Trade Finance is one area, in particular, where the introduction of blockchain technology would appear to have a profound impact.
Trade remains an industry that relies on the iterative updating and transfer of paper-based documentation but with blockchain these iterations could be centralised – or rather decentralised – removing the costs and delays involved with the duplication and transfer of documentary credit between buyers’ and sellers’ banks and insurers. This approach enables the simultaneous digital recording of data across multiple parties, leading to secure transactions and instantaneous updating.
This is however only one part of the process as far as trade finance processing is concerned. The ‘heavy lifting’ involved in the scrutiny of transaction documentation for regulatory compliance remains largely un-automated, and this is where Traydstream has focussed its efforts.
Currently banks employ extensive teams of ‘document-checkers’ to scrutinise the transaction documentation. This involves different aspects of scrutiny including highlighting discrepancies between entries or missing fields; ensuring compliance with international trading standards and embargoes as set by the UCP Rules and ICC’s ISBP regulations; and spotting contravention of country and port specific sanctions, as well as internal banking policies.
Since the financial crisis these regulatory requirements have accelerated drastically with the number of individual regulatory changes that banks must track on a global scale more than tripling since 2011, to an average of 200 revisions per day, according to BCG research.[2]
This has led to spiralling compliance costs for banks with the cost of inaction being equally severe – ‘strict regulatory enforcement has brought cumulative financial penalties of roughly $321 billion (through to the end of 2016).[3] It is in this environment that the need for smarter methods of reviewing and scrutinising transactions has become mission-critical.
Traydstream’s solution is aimed at solving these challenges, reducing the regulatory burden without sacrificing transaction scrutiny or security. We have spent the last three years developing a platform that extracts data using a propietary OCR engine, breaks down the conditions of the document and scrutinises it for regulatory compliance using with what we believe to be a unique rule engine.
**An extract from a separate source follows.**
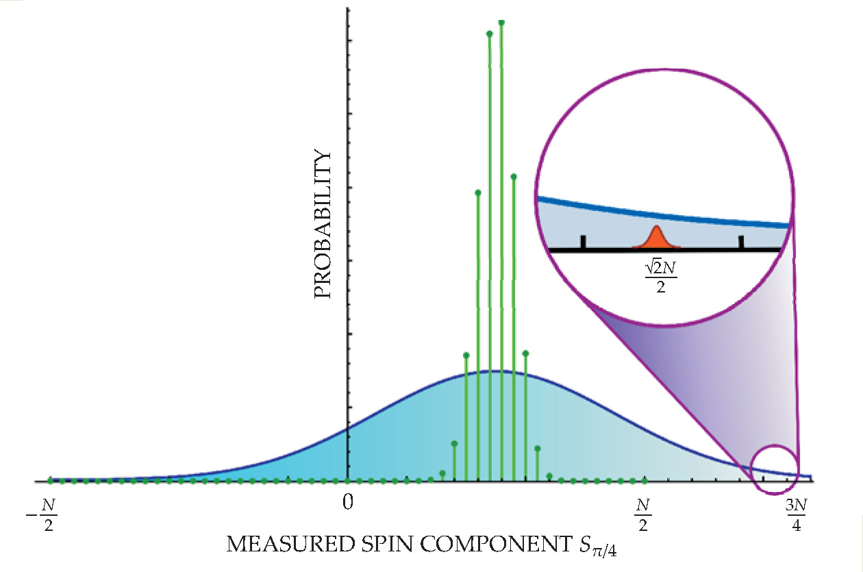 How is it possible that the measuring device indicates such a value for the spin? It’s all a game of errors. A perfect measurement will yield, by definition, only one of the eigenvalues of the spin operator: values of k/2, where k is an integer such that −N ≤ k ≤ N. But we’re now talking about an imperfect measurement with finite precision. So we don’t require the measuring device’s pointer to indicate precisely an eigenvalue. Sometimes it can even point, in error, to a value far outside the range of possible eigenvalues.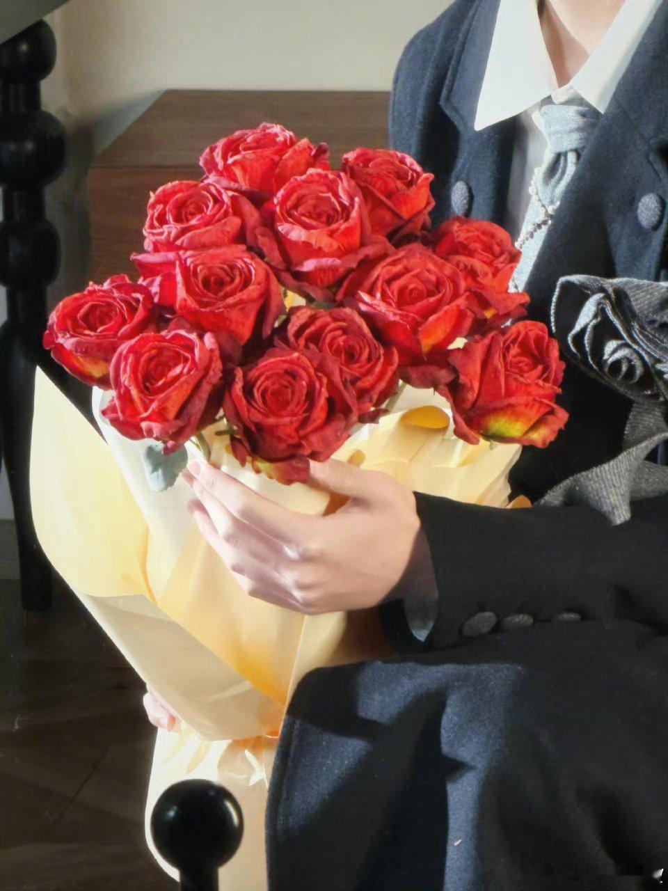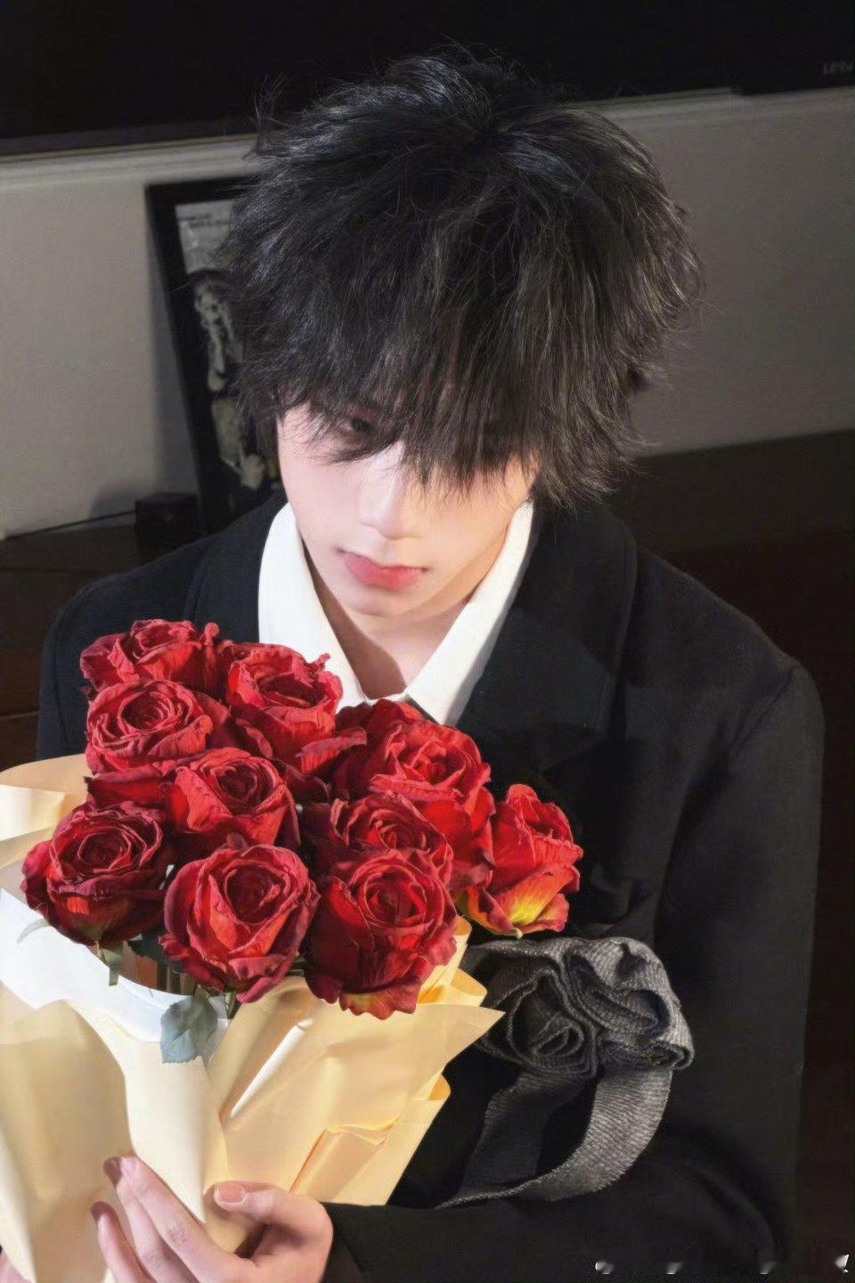王橹杰手捧红玫瑰终于营业啦,今日完全帅气满分,手捧玫瑰也太超标了,简直是手控的福

The platform mirrors exactly the job of a document checker today, using cognitive behavioural technology to learn from each transaction, memorise document behaviour, and perceive potential issues.
With this tailored use of Artificial Intelligence and Machine Learning, the platform can automate the end-to-end processes of trade finance using manual paper based records, OR their digital equivalents through blockchain technology.
Smart contracts (which are one of the most highly anticipated applications of the blockchain) are, in effect, computer programs that verify, or enforce the negotiation or execution of an agreement. Clearly this has highly positive implications in facilitating documentation BUT they still need to be checked, scrutinised validated, and this is the purpose behind Traydstream.
At Traydstream, we view the processes behind regulatory compliance as one of the big challenges that lie in Trade Finance and have hit this ‘head-on’ to change the landscape on how trade is processed. We are committed to delivering an intelligent end-to-end solution that will process in minutes what currently takes banks hours and in many cases days.
We see Traydstream as a real game-changer, whose solution is only improved by blockchain adoption. Having concentrated our efforts on solving the processing piece of the trade puzzle, we are excited to be launching our solution into the market.
Uzair Bawany
Felix Bradshaw
[1] Global Trade Review, ‘Global trade finance revenues hit seven-year low’, <https://www.gtreview.com/news/global/trade-finance-revenues-hit-seven-year-low/>
[2] Boston Consulting Group (BCG), ‘Global Risk 2017: Staying the Course in Banking’, <https://www.bcg.com/publications/2017/financial-institutions-growth-global-risk-2017-staying-course-banking.aspx>
[3] BCG, ‘Global Risk 2017: Staying the Course in Banking’.